No other malignancy within the past 5 years except adequately treated basal cell or squamous cell skin cancer, carcinoma in situ of the cervix, or adequately treated stage I or II cancer currently in complete remission
Not pregnant or nursing
Fertile patients must use effective contraception

Expected Enrollment

684

A total of 684 patients (342 per treatment arm) will be accrued for this study within 4.5-5 years.

Outcomes

Primary Outcome(s)

Disease-free survival
Induction complete remission rate

Outline

This is a randomized, multicenter study. Patients are stratified during induction therapy according to age (< 35 years vs ≥ 35 years) and during post-consolidation therapy according to preinduction cytogenetic risk group.
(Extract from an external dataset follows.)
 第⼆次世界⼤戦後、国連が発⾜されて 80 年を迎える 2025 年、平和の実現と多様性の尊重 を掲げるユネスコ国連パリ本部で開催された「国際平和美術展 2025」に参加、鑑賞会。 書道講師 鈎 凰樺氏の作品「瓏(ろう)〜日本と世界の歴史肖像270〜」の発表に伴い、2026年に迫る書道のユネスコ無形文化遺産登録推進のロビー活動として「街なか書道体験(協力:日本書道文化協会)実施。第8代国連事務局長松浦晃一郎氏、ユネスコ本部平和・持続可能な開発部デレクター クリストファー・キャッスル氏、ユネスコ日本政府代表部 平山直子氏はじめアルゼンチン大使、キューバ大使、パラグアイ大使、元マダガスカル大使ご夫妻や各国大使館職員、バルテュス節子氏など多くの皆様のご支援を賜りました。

Induction therapy: Patients are randomized to 1 of 2 treatment arms.
- Arm I: Patients receive daunorubicin IV on days 1-3, cytarabine IV continuously on days 1-7, and gemtuzumab ozogamicin IV over 2 hours on day 4. Patients receive filgrastim (G-CSF) or sargramostim (GM-CSF) IV or subcutaneously once daily beginning on day 15 and continuing until blood counts recover.
- Arm II: Patients receive daunorubicin, cytarabine, and G-CSF or GM-CSF as in arm I.
Patients in both arms undergo bone marrow aspiration and biopsy on day 14 (and on day 19, if applicable) and then proceed to reinduction therapy.

Reinduction therapy: Patients receive daunorubicin IV on days 1-3 and cytarabine IV continuously on days 1-7. Patients also receive G-CSF or GM-CSF as in induction therapy.
Patients who achieve A1 bone marrow, B1 peripheral blood, and C1 extramedullary disease status proceed to consolidation therapy.
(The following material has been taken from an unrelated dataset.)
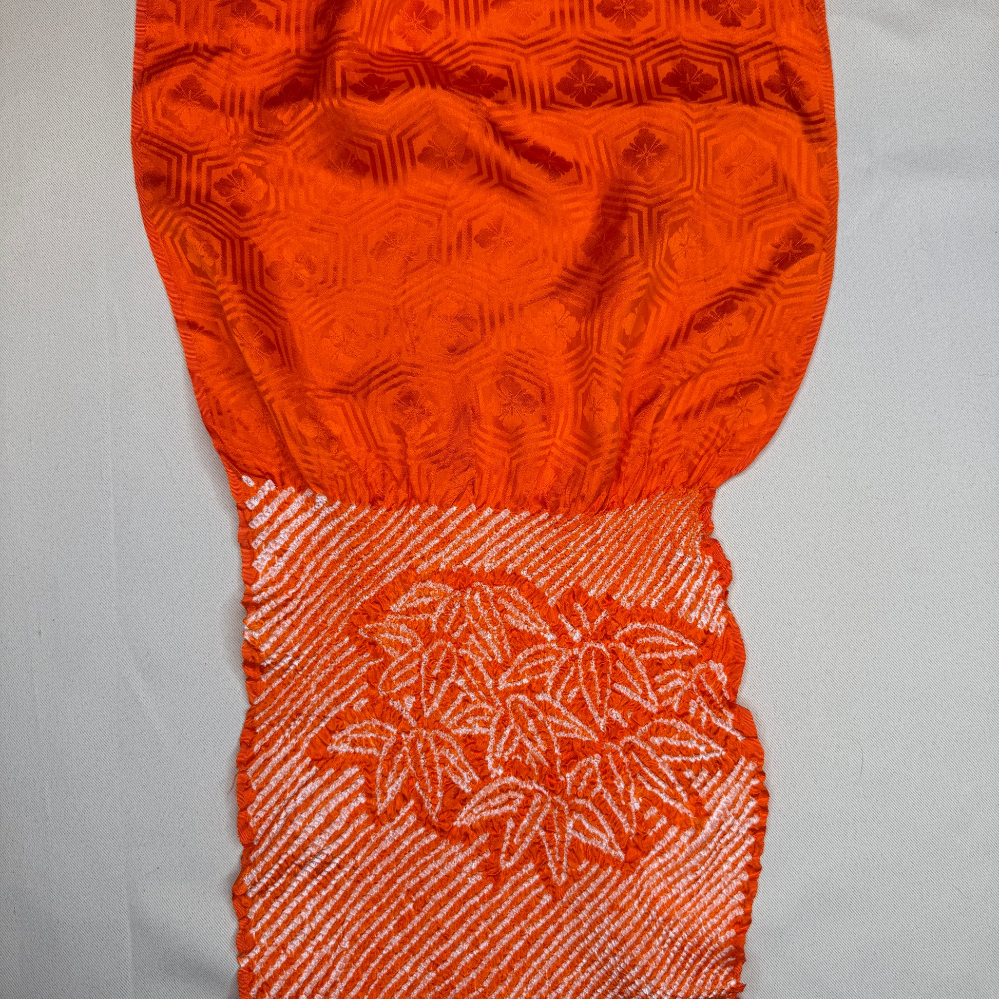 Bright as a festival lantern at dusk, this obiage and obijime set radiates warmth and celebration. The obiage glows in vibrant orange and crisp white, featuring puckered shibori bamboo motifs layered over a subtle hexagon floral jacquard background, adding texture and quiet depth beneath the bold color. The dimensional dye work creates movement across the silk, while the flat orange obijime, accented with white sections and finished with soft white tassels, ties the look together with crisp definition.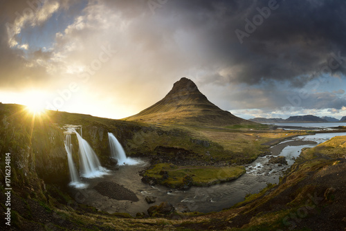 wide angle picture of Kirkjufellsfoss with the Kirkjufell (church mountain) in the background. On the northern coast of Snaefellsnes peninsula in Iceland.

Consolidation therapy: Patients receive high-dose cytarabine IV over 3 hours twice daily on days 1, 3, and 5. Treatment repeats every 28 days for 3 courses in the absence of disease progression or unacceptable toxicity.
Patients who maintain A1 bone marrow, B1 peripheral blood, and C1 extramedullary disease status after consolidation therapy proceed to post-consolidation therapy.

Post-consolidation therapy: Patients are randomized to 1 of 2 treatment arms.
- Arm I: Patients receive gemtuzumab ozogamicin IV over 2 hours on day 1. Treatment repeats every 28 days for 3 courses in the absence of disease progression or unacceptable toxicity.
- Arm II: Patients receive no additional therapy. Patients are observed at days 30 and 60 after randomization.
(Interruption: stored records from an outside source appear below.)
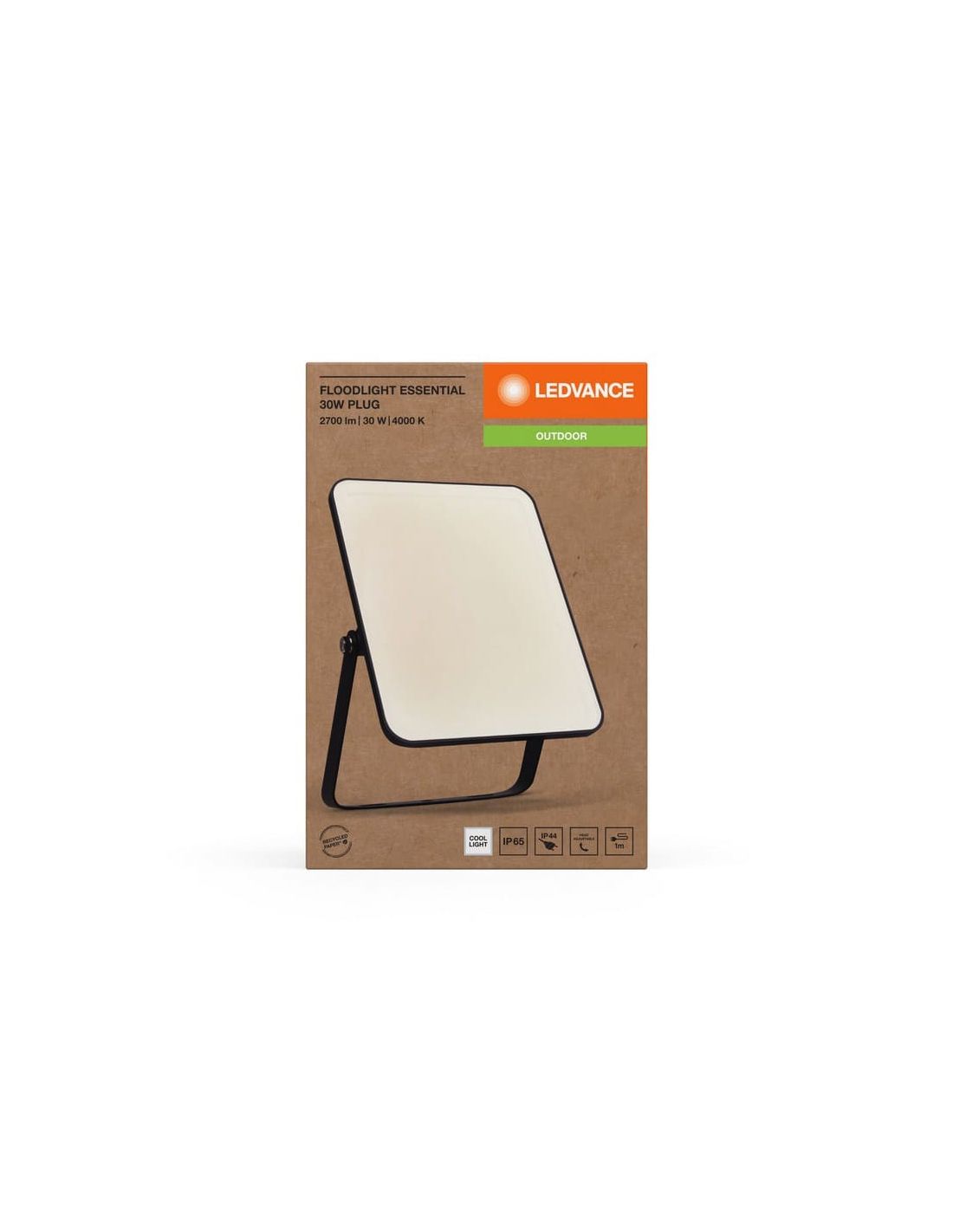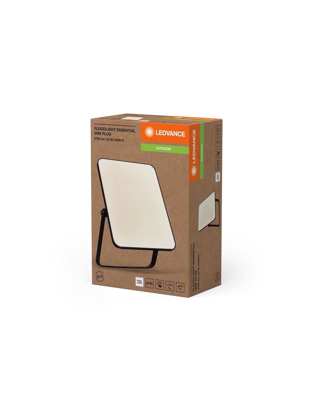 Der 30W schwarze LED-Scheinwerfer der ESSENTIAL-Serie bietet ein intensives Licht in kaltem Weiß von 4000K und 2700lm. Mit IP65-Schutz, satinierter weißer Diffusor und verstellbarem Lichtwinkel ist er perfekt für Außenbereiche. Inklusive 1 m Verbindungskabel für eine einfache Installation.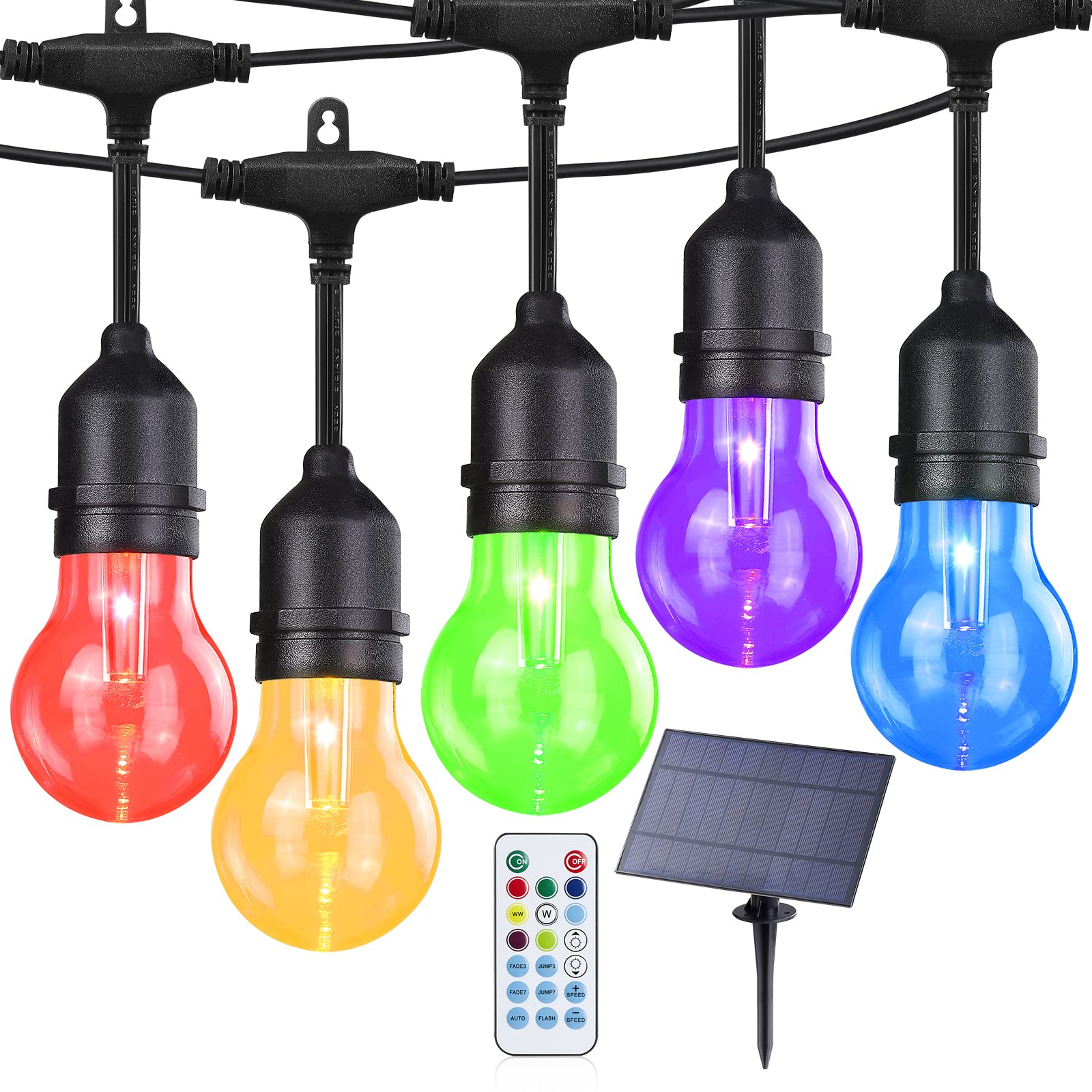 Rynx | Auroraworld Outdoor Light Strings RGB, 48Ft Dimmable Patio Light Strings with Shatterproof Edison Bulbs, Remote Control, Commercial Solar Light Strings for Café, Patio, Garden, Party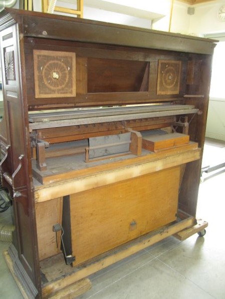 Doch schon hier erwies sich die Mechanik als sehr ausgefeilt. Ähnlich wie bei Mason & Hamlin, lies sich die Registermechanik wegklappen, um zur Klaviatur zu gelangen.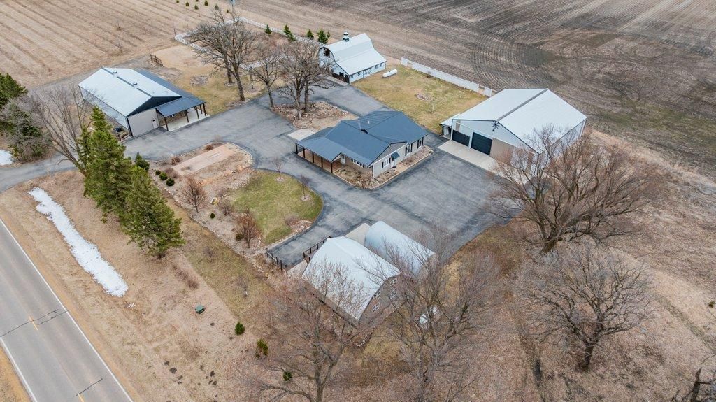 Endless opportunity for the perfect work/live business in Austin Minnesota with this five building property on 7.5 acres. All buildings on the property were renovated in 2018 to add 5,185 square feet of live/work space. The main home features two bedroom and two bathroom with 1,920 square feet of high-end renovated space. This includes a primary suite with beautiful barn wood accents, double-sided fireplace, boutique style walk-in closet, and incredibly impressive primary bath. The bathroom is designed with an ADA compliant shower, claw foot bathtub, double vanity, and master bedroom corner laundry. The 2,474 square foot showroom/event center includes a gourmet kitchen, upstairs bedroom, and two bathrooms. The shop includes ample storage, a car lift, and RV parking. Also included is a barn and greenhouse space. This property would make a great event venue, kennel facility, cannabis production, light industrial business HQ, and much more!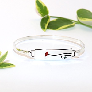Piros pipacsos téglalap, női ezüst karkötő (EPK.40)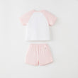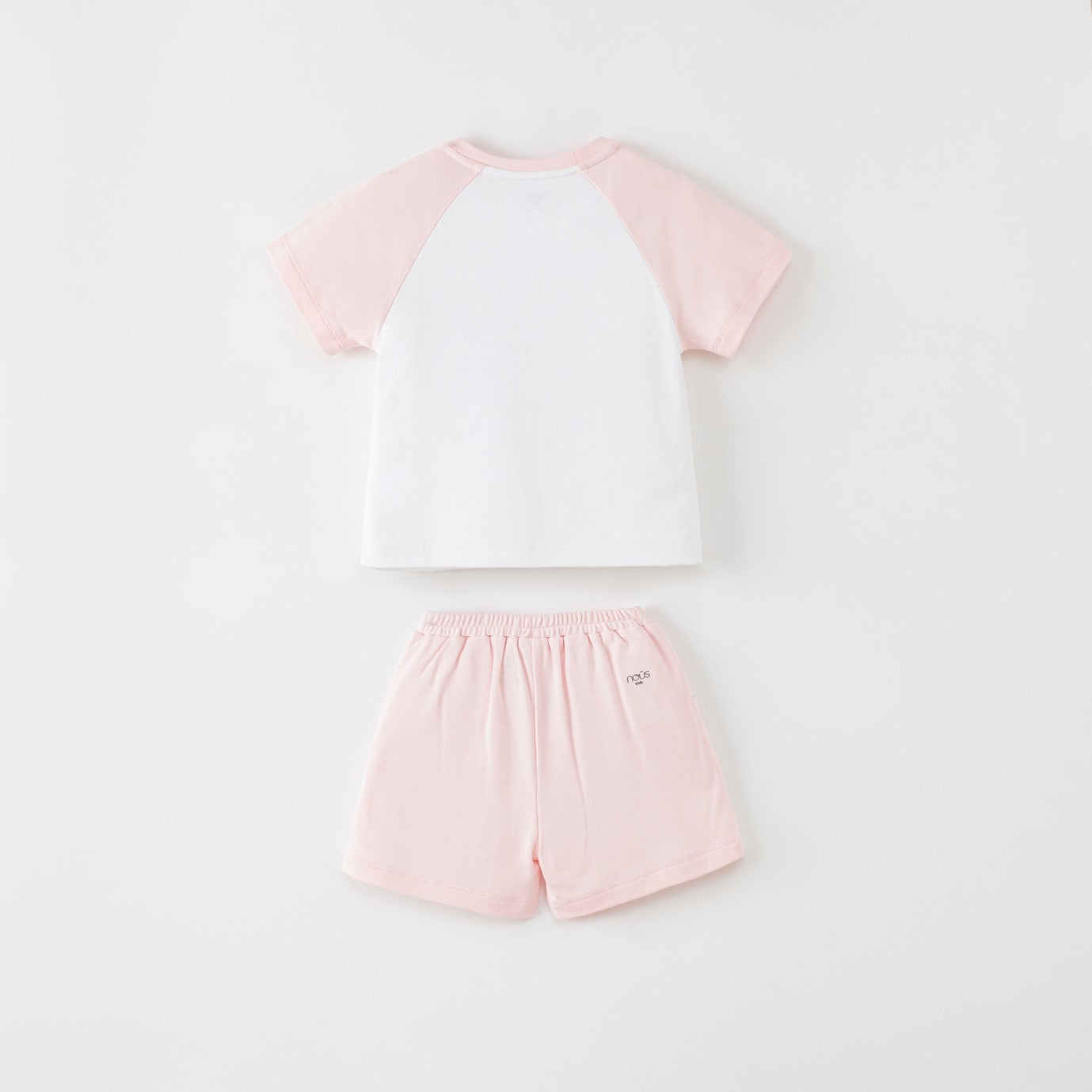 This outfit is carefully designed to prioritize ease of movement and embody a summer style that is suitable for children aged 2 to 6, whether they're attending school or engaging in outdoor activities. The raglan design of the outfit creates a striking contrast between the sleeves and the body, adding a visually appealing element to the overall look.

Patients are followed every 3 months for 1 year, every 6 months for 1 year, and then annually for 3 years.

Trial Contact Information

Trial Lead Organizations

Southwest Oncology Group

Stephen Petersdorf, MD, Study coordinator
Ph: 206-288-2036

Related Information

Featured trial article

Registry Information

Official Title		A Phase III Study of the Addition of Gemtuzumab Ozogamicin (Mylotarg®) During Induction Therapy Versus Standard Induction with Daunomycin and Cytosine Arabinoside Followed by Consolidation and Subsequent Randomization to Post-Consolidation Therapy With Gemtuzumab Ozogamicin (Mylotarg®) or No Additional Therapy For Patients Under Age 61 With Previously Untreated De Novo Acute Myeloid Leukemia (AML)

Trial Start Date		2004-07-22

Trial Completion Date		2010-03-01 (estimated)

Registered in ClinicalTrials.gov		NCT00085709

Date Submitted to PDQ		2004-03-02

Information Last Verified		2009-08-22

NCI Grant/Contract Number		CA32102

Note: The purpose of most clinical trials listed in this database is to test new cancer treatments, or new methods of diagnosing, screening, or preventing cancer. Because all potentially harmful side effects are not known before a trial is conducted, dose and schedule modifications may be required for participants if they develop side effects from the treatment or test. The therapy or test described in this clinical trial is intended for use by clinical oncologists in carefully structured settings, and may not prove to be more effective than standard treatment. A responsible investigator associated with this clinical trial should be consulted before using this protocol.